In July, the NGFA and four other state feed and grain associations sent a letter to Roger Nober, Surface Transportation Board chairman, reiterating previous complaints from the grain industry about insufficient rail car availability and service delays. (See sidebar, “Are regulators too chummy with railroads?” page 29.)
“Our state's rail service for the grain industry is chronically challenged and getting worse, both on the BNSF and on the Union Pacific,” says Ptacek. “Five out of the last seven years there's been pretty miserable service. In most parts of the state, there's only one railroad in town, and there's no competition. Overall, I'd give the railroads a D in service.”
At press time, Ptacek says rail cars were averaging two to three weeks behind schedule. “I don't anticipate it getting any better,” he adds. “There's a lot of corn hitting the market and the Gulf Coast markets are plugged up.”

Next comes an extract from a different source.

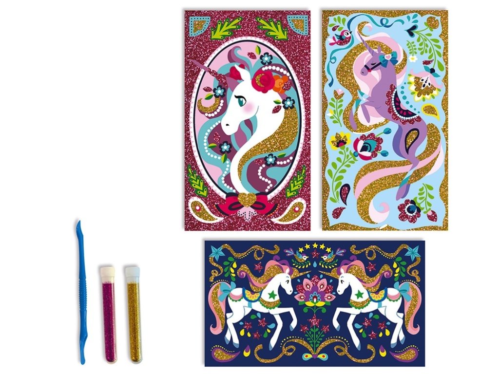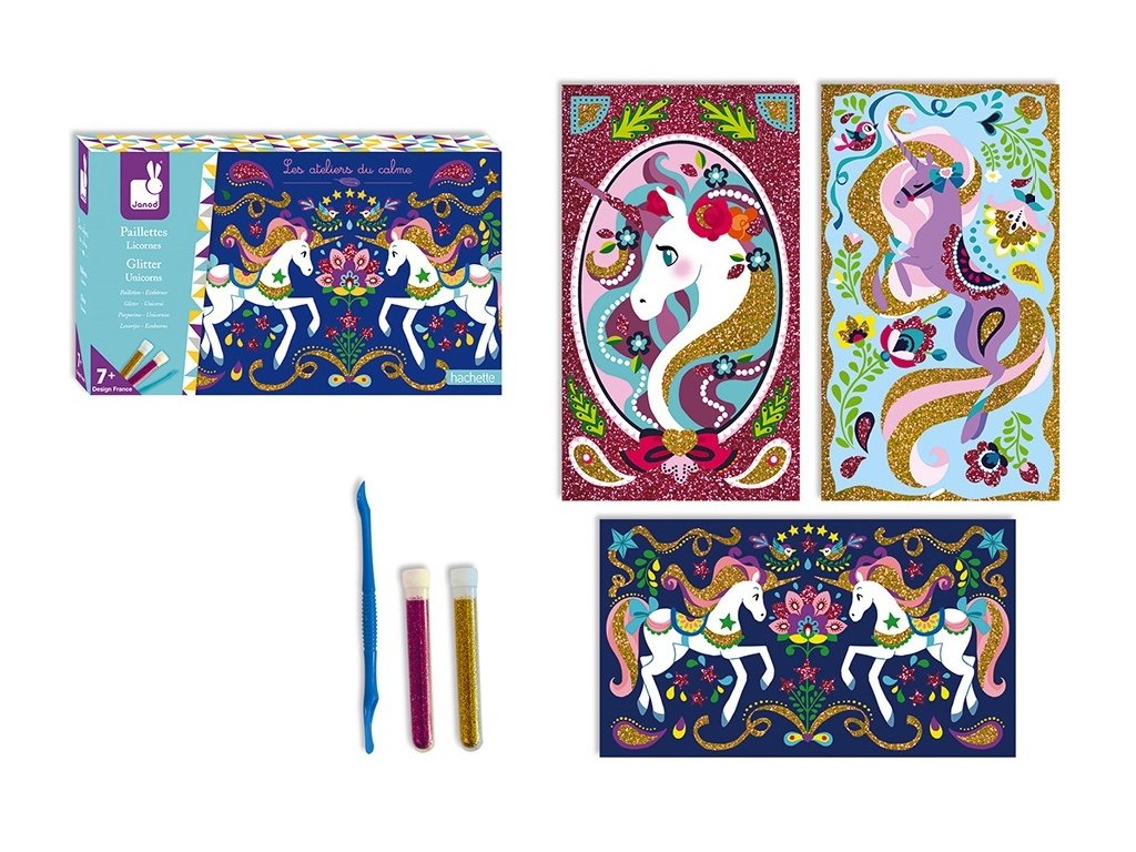 Janod Atelier Jednorožec farebný piesok s trblietkami Sada Midi

Unusually bountiful U.S. grain production during the past few years has contributed to recent grain transportation challenges, concedes Mark Davis, Union Pacific (UP), regional director of public relations. “Five out of the last six years, we've had a very heavy harvest,” he points out. “That taxes the rail industry and other transportation modes as well.”

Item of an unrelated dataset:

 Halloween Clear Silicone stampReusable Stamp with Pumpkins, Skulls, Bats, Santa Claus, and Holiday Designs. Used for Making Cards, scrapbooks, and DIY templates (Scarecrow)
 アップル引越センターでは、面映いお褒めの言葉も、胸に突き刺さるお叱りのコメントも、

Despite those challenges, Davis says that “we are quite pleased with the results from last year.”
The Union Pacific also offers a different outlook on its rail service to the grain industry so far this year. “We're not behind, except on trains of 25 cars or less,” says Davis. “Unit trains, as of (Sept. 8) are doing well and being filled. Unit trains are experiencing normal cycle times. We are predicting a good harvest, and we are watching, waiting and ready to handle the harvest.”

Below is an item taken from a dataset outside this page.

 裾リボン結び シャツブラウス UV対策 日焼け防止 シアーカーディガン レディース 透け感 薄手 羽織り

The UP has allocated the same amount of rail cars to the grain industry as it did last year — 22,500 covered hopper cars, says Davis. However, he emphasizes that the UP has no plans to fill any grain transportation void that might develop this year due to damage to facilities in the Gulf from Hurricane Katrina.
“We will not stretch our capacity,” says Davis, “which is limited now.”
Overall, the UP's rail service to the grain industry is “going pretty well,” notes Davis at press time. “Consolidation of tracks and elevators, and the ability to move 75-100 cars vs. smaller units, has helped move grain more efficiently.”
Although not consistently on time, Ptacek admits that larger unit trains and shuttle loaders, those that can run 75-100 unit cars, have been getting better service. “They should be getting better service,” he says, “because they've paid a premium to get it. Most of them had to invest millions of dollars into their infrastructure to be able to load unit cars.”
Railroad service problems are less likely for grain elevators that have large unit train capacity, agrees Bob Zelenka, executive director, Minnesota Grain and Feed Association. However, both small and large facilities still deserve prompt service and a reasonable price, he adds.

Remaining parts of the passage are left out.